The Culture


This organization has been around in one form or another for about 15 years. They have a long history of prototyping and building small systems. About four years ago, the organization started working on trials to prove in their product concepts. Development started in earnest about two years ago. The development team currently has about 8 people. Most (all but two at the debriefing) have families. The group is demographically diverse.

The project has an excellent history of meeting impossible delivery dates, owing to much hard work. The team typically works 50- to 60-hour weeks, some working 60- to 70-hour weeks over a five-month spurt. The team is egalitarian in the sense that everybody writes code, but is non-egalitarian in that everybody brings their own realm of expertise to the table (which is an important factor we explore later under "Code Ownership.")

People do much of their own risk management. As the meeting got started, Peter told how he was going to add line splitting to the architecture.
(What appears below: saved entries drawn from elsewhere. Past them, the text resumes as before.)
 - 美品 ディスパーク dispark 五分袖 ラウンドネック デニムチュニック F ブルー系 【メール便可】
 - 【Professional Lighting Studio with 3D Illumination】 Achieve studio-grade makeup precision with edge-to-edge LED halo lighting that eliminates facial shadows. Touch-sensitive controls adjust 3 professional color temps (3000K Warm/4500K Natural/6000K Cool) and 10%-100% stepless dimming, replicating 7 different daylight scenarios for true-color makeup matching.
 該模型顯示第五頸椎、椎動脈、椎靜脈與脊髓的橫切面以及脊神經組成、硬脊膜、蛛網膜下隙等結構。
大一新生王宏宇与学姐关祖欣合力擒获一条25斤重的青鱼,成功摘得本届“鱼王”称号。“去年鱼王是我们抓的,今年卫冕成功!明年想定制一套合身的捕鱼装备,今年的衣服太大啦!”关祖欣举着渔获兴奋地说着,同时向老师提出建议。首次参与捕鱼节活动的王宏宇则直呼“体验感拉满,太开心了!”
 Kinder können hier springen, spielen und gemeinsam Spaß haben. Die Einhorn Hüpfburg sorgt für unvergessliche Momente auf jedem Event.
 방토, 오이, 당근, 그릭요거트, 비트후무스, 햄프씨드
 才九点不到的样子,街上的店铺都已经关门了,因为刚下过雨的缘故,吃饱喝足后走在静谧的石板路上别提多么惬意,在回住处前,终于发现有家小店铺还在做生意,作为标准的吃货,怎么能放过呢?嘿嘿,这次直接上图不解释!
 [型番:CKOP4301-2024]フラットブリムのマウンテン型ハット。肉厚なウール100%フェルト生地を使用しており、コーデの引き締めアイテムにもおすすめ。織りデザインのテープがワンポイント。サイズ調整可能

That was going to make more work for Pat. Pat was playfully unhappy about the change, but it was a design change the team had decided some time ago that it had wanted. The project had been granted a one-month extension in its schedule, and Peter had taken the initiative to do a redesign of the part of the system that had been causing them to use resources inefficiently.
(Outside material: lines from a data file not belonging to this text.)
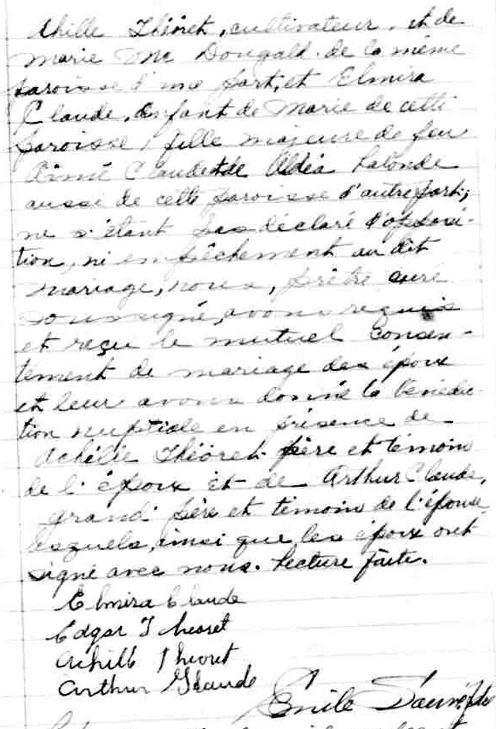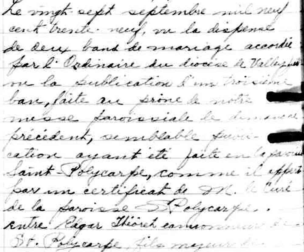 Mariage de Edgar Théoret et Elmire Claude à Saint Télesphore comté de Soulanges le 27 septembre 1939
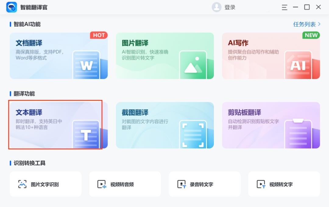 在首页中,我们可以看到多种多样的翻译功能,我们首先选择第二行中的“文本翻译”,可以自己输入或者复制文本内容进行翻译。
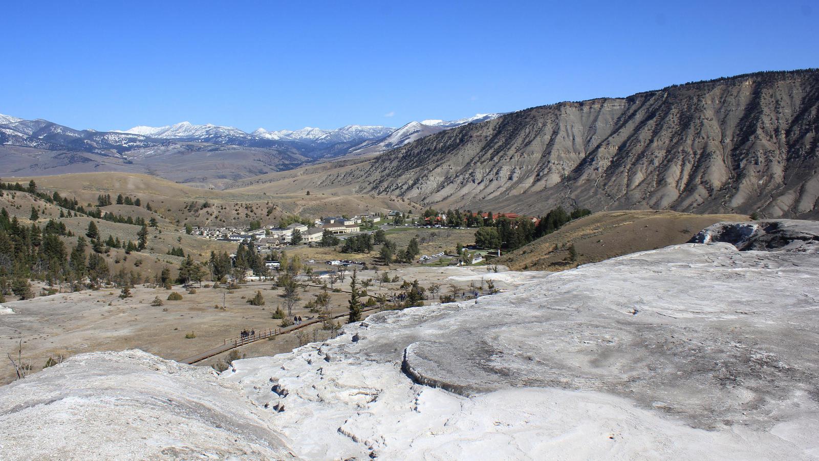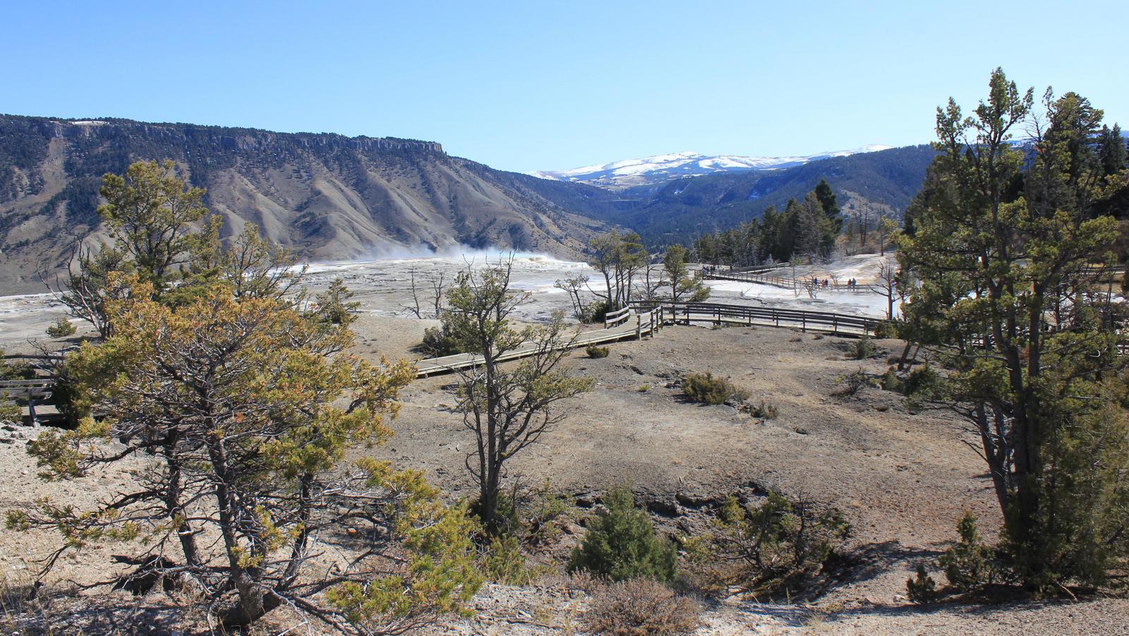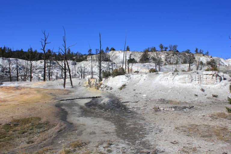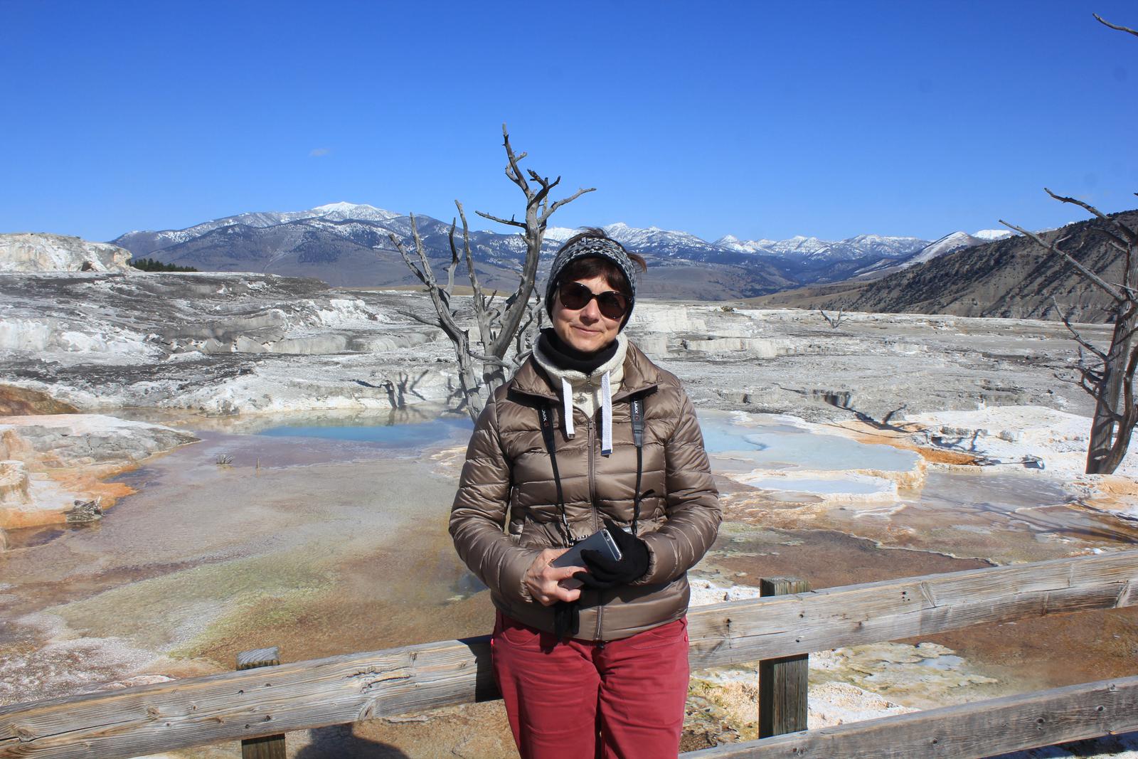 Nous continuons notre route, traversons de grandes prairies et arrivons à Mammoth Hot Springs Area.
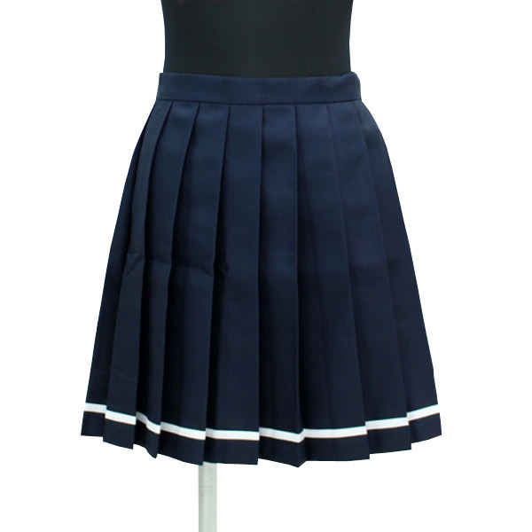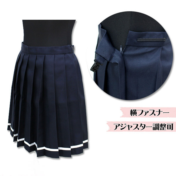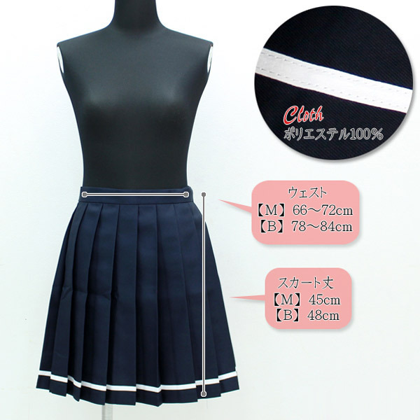 Mサイズ:W66〜72cm スカート丈45cm セット内容:スカート単品(横ファスナー、アジャスター調節可) 素材:ポリエストル100% 無地プリーツスカート単品 色:紺×白ライン
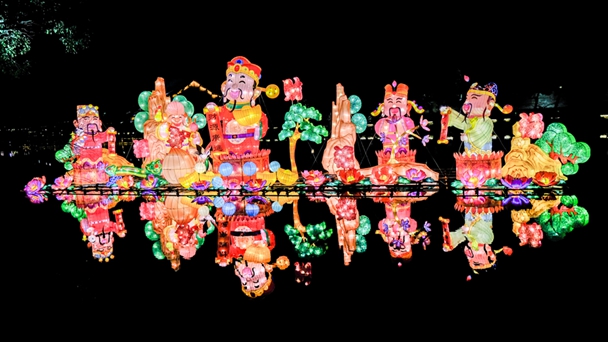 當日,浙江桐鄉烏鎮景區的特色“水燈會”正式亮燈,“富春山居”“福瑞喜廊”等9組大型水燈群亮相烏鎮西柵。
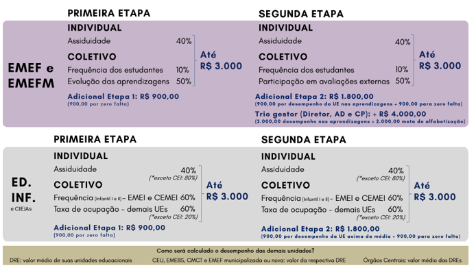 O valor do prêmio é dividido da seguinte maneira: 40% referem-se à assiduidade do servidor, 10% à frequência do estudante e 50% à evolução de aprendizagens.

Parallelism is key to the organization's success. The organization got its start when presented with an ambitious scenario:

Conceptualize and deliver a system prototype in four to five months. Almost coincidentally, the requirements, testing, and design all converged on the same date. It worked, and converged faster than anyone imagined possible. The small team size, the excellence in systems engineering, and lack of dogmatism among team members were major factors in the success of the prototype. The organization became more introspective about their concurrent engineering approach to development, and turned it into a way of life for themselves. The technique that made the prototype successful was carried into the development of the product itself. It is this way of life that I had come to study.
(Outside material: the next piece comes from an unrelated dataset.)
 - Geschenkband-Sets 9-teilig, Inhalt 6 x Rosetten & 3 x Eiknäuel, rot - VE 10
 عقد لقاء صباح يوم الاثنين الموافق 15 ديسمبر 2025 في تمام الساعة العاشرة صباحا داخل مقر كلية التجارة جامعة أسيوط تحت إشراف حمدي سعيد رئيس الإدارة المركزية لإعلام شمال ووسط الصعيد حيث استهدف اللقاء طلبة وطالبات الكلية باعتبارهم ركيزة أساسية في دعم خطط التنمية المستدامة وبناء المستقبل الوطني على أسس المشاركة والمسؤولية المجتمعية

And the introspection isn't complete. There is still a feeling that part of what makes them successful is purely instinctive. Peter even worried that if I surfaced process understanding into their consciousness, that it would affect the way they worked--because it would establish a new introspection framework--and potentially damage the delicate balance of magic that propelled them to success. While there is a slight chance that the Heisenberg phenomenon could take them in that direction, there is equal or greater probability that such a discussion could open their eyes to possibility for improvements.

The programming language is C, the development environment is UNIX. (Note that they use neither object-oriented approaches nor C++, staples that have become stereotypically associated with high productivity and best current practices.) The product has performed well in the field. Three installations have been running for 7 months, with only 3 unplanned outages to their credit totaling less than 8 hours: better than 99.94% uptime. The total number of faults found in the field has been about 25, out of which 20 have been addressed at this writing.

The organization's culture, self-image, and process have a rich human element that precipitates from the small team environment. These issues merit their own section later in this chapter.